Hundreds of thousands of people are in desperate need of food and resources in South Sudan, as the crisis there continues to worsen, with violence and insecurity make it difficult for residents there to plant and harvest food for the masses, CBN News noted.
South Sudan, which became an independent country back in 2011, has faced severe internal violence since 2013, when President Salva Kirr fired Vice President Riek Machar; civil war followed, forcing millions to flee their homes, according to Reuters. You can read more about the ethnic strife and claims of an attempted coup that followed here.

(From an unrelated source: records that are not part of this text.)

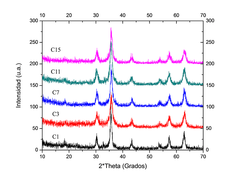 Para analizar el efecto de los parámetros operativos sobre el tamaño de partícula fue necesario analizar la estructura cristalina del producto obtenido, el cual se caracterizó a partir de XRD para identificar la fase de óxido de hierro presente. Los difractogramas obtenidos para muestras preparadas a diferentes condiciones se muestran en la Figura 1. Los datos muestran que los productos finales presentan patrones similares, y la estructura que se le asignó fue la magnetita (Fe3O4) (JCPDS No.00-001-1111). Además en la Tabla 4 se pueden observar que los valores de tamaño de partícula calculados a partir de XRD mediante la ecuación de Scherrer difieren de los valores calculados por TEM, esta ligera diferencia puede ser debida a algunas contribuciones tales como: tensión estructural, gradiente de composición, y distribución de tamaño [Tomaszewski (2012)].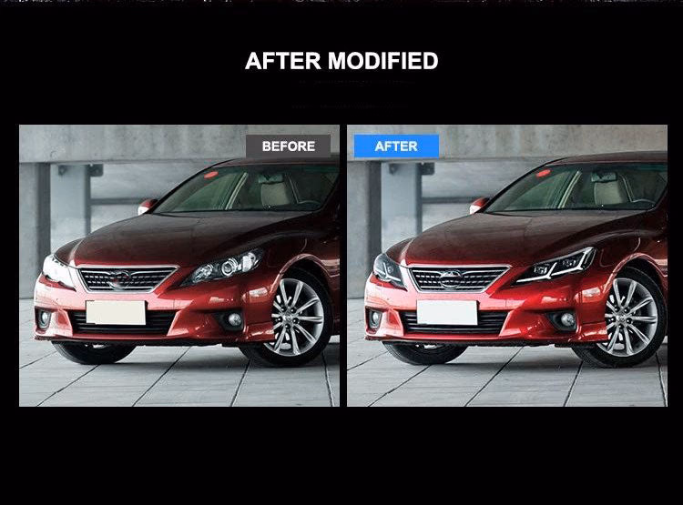 Ensemble de phares style OEM plug-and-play pour Toyota Mark X / Reiz 2009–2013 (X130, pré-restylage). Versions LHD et RHD disponibles.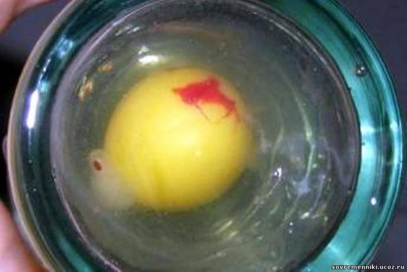 Наиболее страшными последствиями обладает порча, выявленная изменениями всех элементов содержимого куриного яйца. При такой картине видны темные пятна и пузырьки, покрывающие б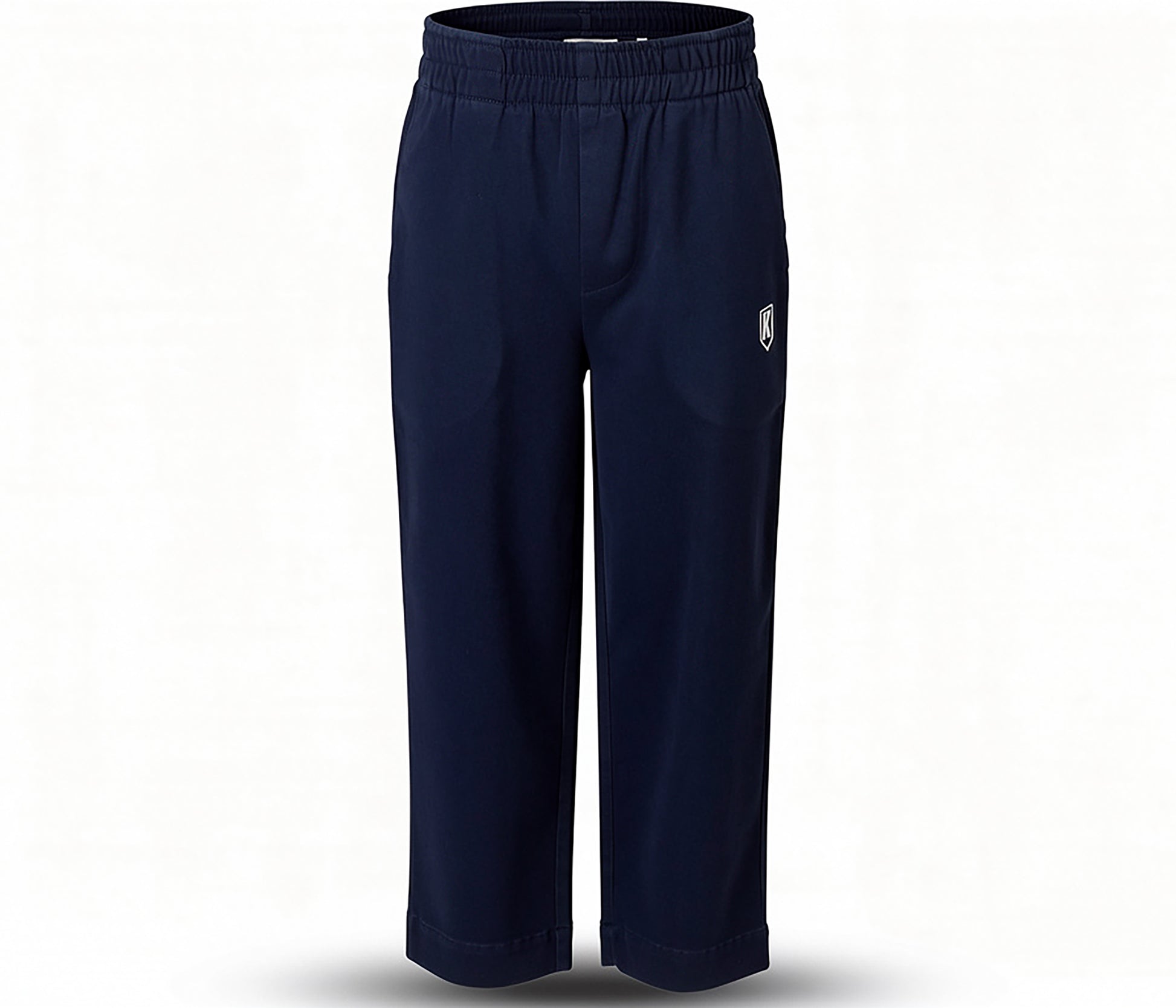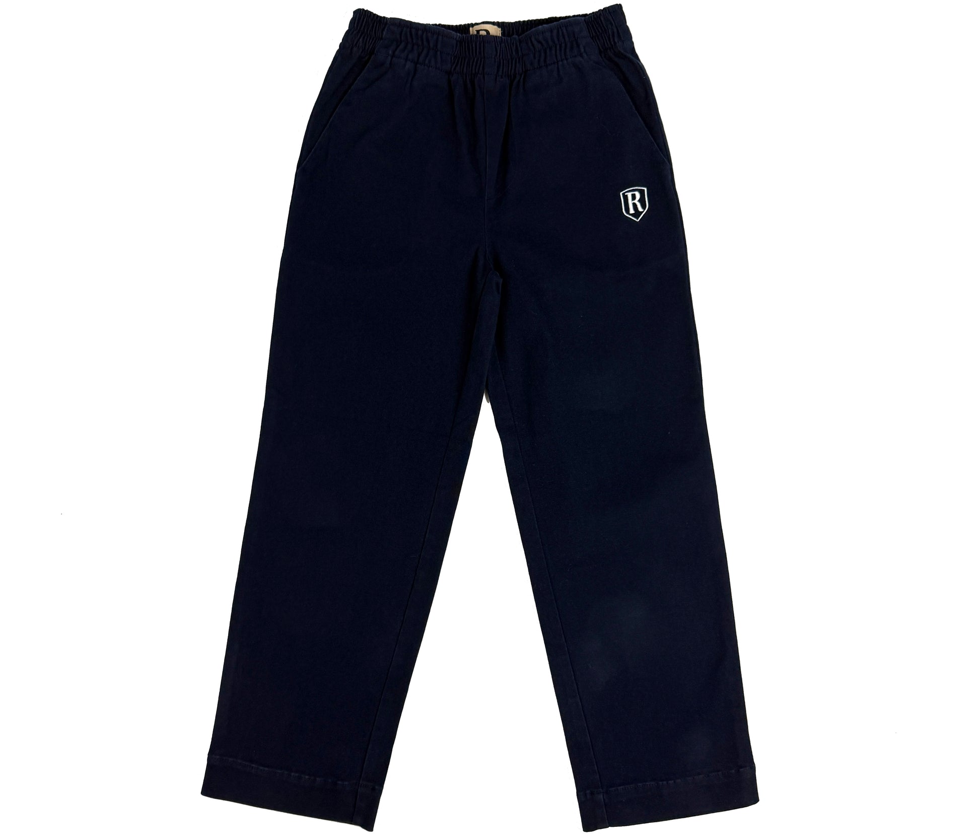 Cotton Stretch Twill Pants with Elastic Waistband & School Logo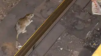 In 2014, New York City Councilman Mark D. Levine said at a public hearing that "We've had rats who are going into cars and eating out electrical cables. We have rats that are entering homes."[35] He described the problem as "epidemic" on some streets in Manhattan.[35] That year, YouTube videos of rats on subway tracks and in a subway car in New York City went viral, as did videos of rats in a Dunkin' Donuts in Manhattan.[36][37][38][39] In June 2014, residents at adjacent Upper West Side buildings started a rent strike, demanding an end to the rat problem.[40] Also in 2014, Allerton Coops in Bronx Park East received three Notices of Violation from the Health Department and was fined for their inadequate response to a severe rat infestation.[41][42][43]

That situation has exacerbated problems for the newfound nation. The Samaritan’s Purse website recently described the dire state of affairs in South Sudan, noting that the United Nations and the government of South Sudan jointly announced that certain areas of the country face famine — and millions are food insecure, with figures likely to worsen from 4.9 million to 5.5 million later this year.
“Local markets in Mayendit are empty and closed, food production has been greatly limited, and malnutrition among women and children continues to increase,” reads the Samaritan’s Purse article. “Typical livestock, such as chickens and goats, can no longer be found, as they’ve been used as a source of food for the community over the years of suffering.”
The remaining cattle are apparently too thin and weak to produce milk needed to sustain the people.
Samaritan’s Purse has been working in Mayendit since 2014 in an effort to distribute food there to those in need.